GamePro said:
That’s when I realized finishing the game was no longer a concern; that moment was enough to seal my perceptions of the game, and I felt confident enough to write my review. On top of that, I knew I could go back and visit all the locations I hadn’t yet discovered, and finish all the quests I had sitting in my PIP-Boy. In short, I could finally start to play the game the way it was intended.
Nothing like stating that you felt like you played the game wrong in order to review it and giving the impression that it's normal in how you review games.
willooi said:
The unanimous complaints about bugs doesn't sound too good, but hey, it wouldn't really be a Fallout game if it didn't ship with any, eh eh

But no, they'll get patched and the main thing is that these reviews so far at least sound very positive and impressed with the writing and the content.
All of the bugs sound identical to ones that shipped with Fallout 3.
Brother None said:
*looks up from playing Wizardry*
Oh yeah that sounds fucking brutal, bro.
I'm gonna go watch a movie as I wait for the enemies to finish moving... :p Oh I love Wizardry 8 but damn is it slow.
Brother None said:
AtomicSabotage said:
Well it looks like review scores are averaging into the mid to high 80% range.
That's excellent!
Except that that is a pretty low score.
Well, not for a sequelspansion like New Vegas I guess. But if you're not scoring in the "MetaCritic 90s" you're anything but great. Any game can score in the 80s.
It's amusing because almost every review is saying that it's better than Fallout 3 and giving it a lower score. How predictable they are.
AtomicSabotage said:
A score of 86+ is pretty rare. There's less than 75 games between PS3/XBOX 360 that have scored higher than that. And when you consider the huge amount of games for both platforms up to this point, an 86+ is a perfectly acceptable score.
There are 75 games for the PS3 alone with a score of 86+ on Metacritic, be sure to hit that "All time" button. There are 21 games for the PS3 with a score of 85. All you really need to look at to see how balanced game reviews are is how metacritic had to shift their scale towards the top due to game publications giving markedly higher scores than reviews for any other media they cover. For everything but games a 61+ indicates generally favorable, with 40-60 being mixed, and 39- being generally unfavorable. With games it's 75+ and 50+.
Games
75+ _ 2606 _ 34.9% - Favorable cutoff
61-74 _ 2727 _ 36.5%
50-60 _ 1329 _ 17.8% - Mixed cutoff
40-49 _ 509 _ 6.8%
39- _ 296 _ 4.0%
Total 7467
Movies
75+ _ 1008 _ 15.5%
61-74 _ 1885 _ 29.0% - Favorable cutoff
50-60 _ 1362 _ 21.0%
40-49 _ 1055 _ 16.3% - Mixed cutoff
39- _ 1180 _ 18.2%
Total 6490
Of course that ignores multiplatform games so maybe with adjustments they are somewhat close but when only 10.8% of games use half of your scale, that half is pretty pointless and wasted. You then have 35% of games clustered in a 25 point range, makes it awfully hard to differentiate between how good they are compared to each other.
Deelron said:
G4's review also rips on the writing "That said, the quality of the writing in New Vegas – which is to say, the degree to which these stories will compel you as you play through them – is only a scant shadow of what players have come to expect from Fallout 3."

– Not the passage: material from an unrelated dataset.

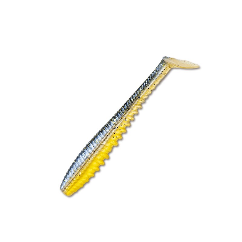 Pontoon21 Homunculures Awaruna Dun — тоньше и деликатнее, чем «классика» и Awaruna EVO, но при этом чуть более брутальная, чем Pontoon21 Ratta. И при сохранении практически одинаковых с «классикой» пропорций хвостовой лопасти («пятки») виброхвоста, она и смотрится крупнее относительно корпуса, и играет более активно на небольших скоростях проводки. Активная игра даже при медленной проводке позволяет применять Awaruna DUN в случаях, когда важны две составляющие: заметные колебания и небыстрое перемещение приманки в воде. Такое особенно бывает востребовано, при ловле равномерной или волнообразной проводкой — особенно в варианте «пелагического джиггинга». Тогда не очень широкий профиль, подвижность и заметность Awaruna DUN играют на руку рыболову: щука (а это основной объект такой рыбалки) атакует активную приманку агрессивно. А гибкость корпуса банально снижает число пустых поклевок. Пропорции корпуса Pontoon21 Homunculures Awaruna Dun позволяют использовать для оснащения широкий ассортимент офсетных крюков с различной глубиной поддева. Неогруженная Awaruna DUN на офсетном крючке демонстрирует прекрасную дальность заброса и эффектную игру на простой равномерной проводке: приманка способна извиваться по-змеиному всем телом благодаря импульсам, передаваемым от хвостовой «пятки», расположенной под специально подобранным углом к телу (отличным от угла «пятки» у Awaruna EVO). Такое поведение больше характерно для крупных увесистых силиконовых свимбейтов, однако даже относительно небольшие модели Awaruna DUN длиной 4.5 дюйма уже проявляют «свимбейтовый» характер. А 5.5 — тем более. «Пятка» хвоста движется свободно и достаточно энергично, а тело сохраняет своё змеевидное движение даже при тяжелой огрузке. Тип колебаний и водных возмущений Awaruna DUN отличаются от производимых как Awaruna EVO, так и «классикой» семейства. Это обеспечивает рыболовам больше возможностей подстроиться под конкретную активность рыбы на конкретном водоеме. Когда вы или хищник срежете хвостовую «пятку», Awaruna DUN превратится в приманку, похожую на слаг, но с дополнительной функциональностью: подвижность тела, ребристость корпуса приманки создают отличающийся от многих жестких слагов рисунок игры.
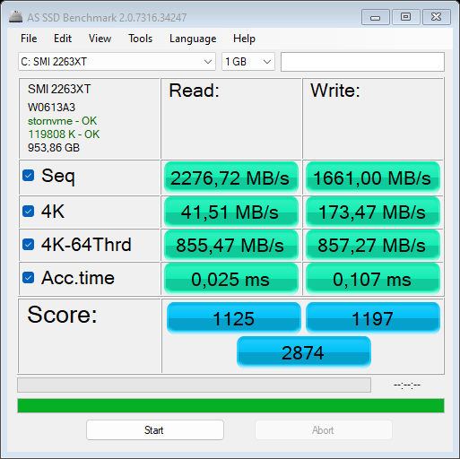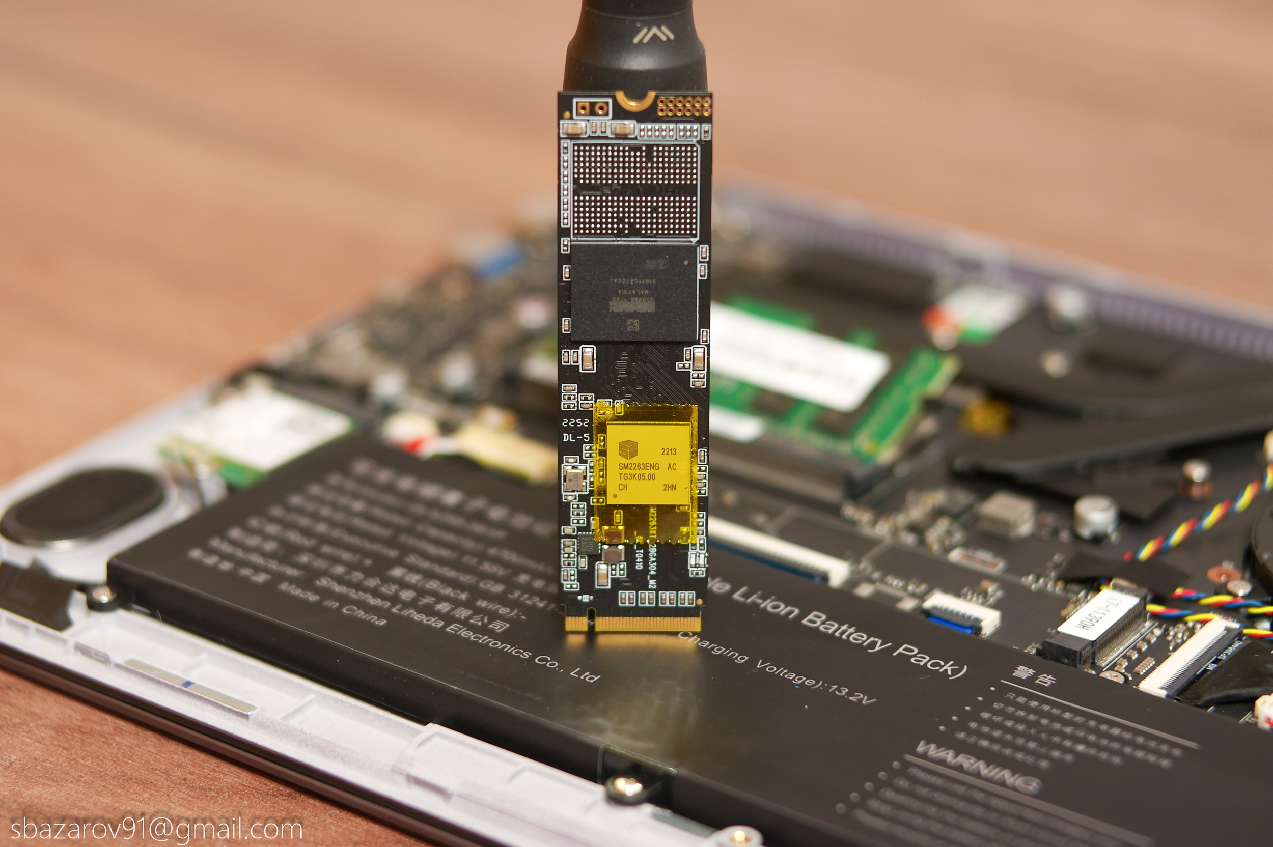 Внутренний накопитель M.2 типом подключения. В качестве контроллера применяется SM2263ENG, тогда как в качестве чипа памяти SanDisk с максимальной скоростью 2.2 GB/s при чтении и 1.7GB/s во время записи. Различные сценарии энергопотребления (макс.эффективность, сбалансированный режим или макс. энергоснабжение) не влияют на скорость его работы.

I almost fell out of my chair laughing.
Did you really expect more? G4 is trash and useless for reviews. Back in the day of Tech TV you at least had Judgement Day which gave you two different perspectives on games and the hosts were the ones who actually wrote the reviews (I presume).
Mapex said:
Obsidian has a ridiculous amount of experience. What they don't have in surplus like other developer studios is money, people, and power. The first is why they take whatever work they can get, making sequels and such for other developers' games. The second is why the games are so buggy. The third is why they get bullied around by bigger publishers to release games early.
Combine the three, and you can easily see if that every Obsidian game was given another 3 months for the sole purpose of bug squashing that their reputation wouldn't be marred.
Obsidian is a highly talented and experienced but smaller developer that attempts to do too much in its games with too few people to test things properly and also lacks the reputation and wallet that allows more well known developers like BioWare to tell people like LucasArts and Atari to fuck off until they finish making their game.
I'm pretty sure that they've had leadership/organizational/prioritization issues in the past which has been a major contributing factor to their games being riddled with bugs. They have a track record of taking on too much for the time limit they are given, resulting in many the problems that their games have.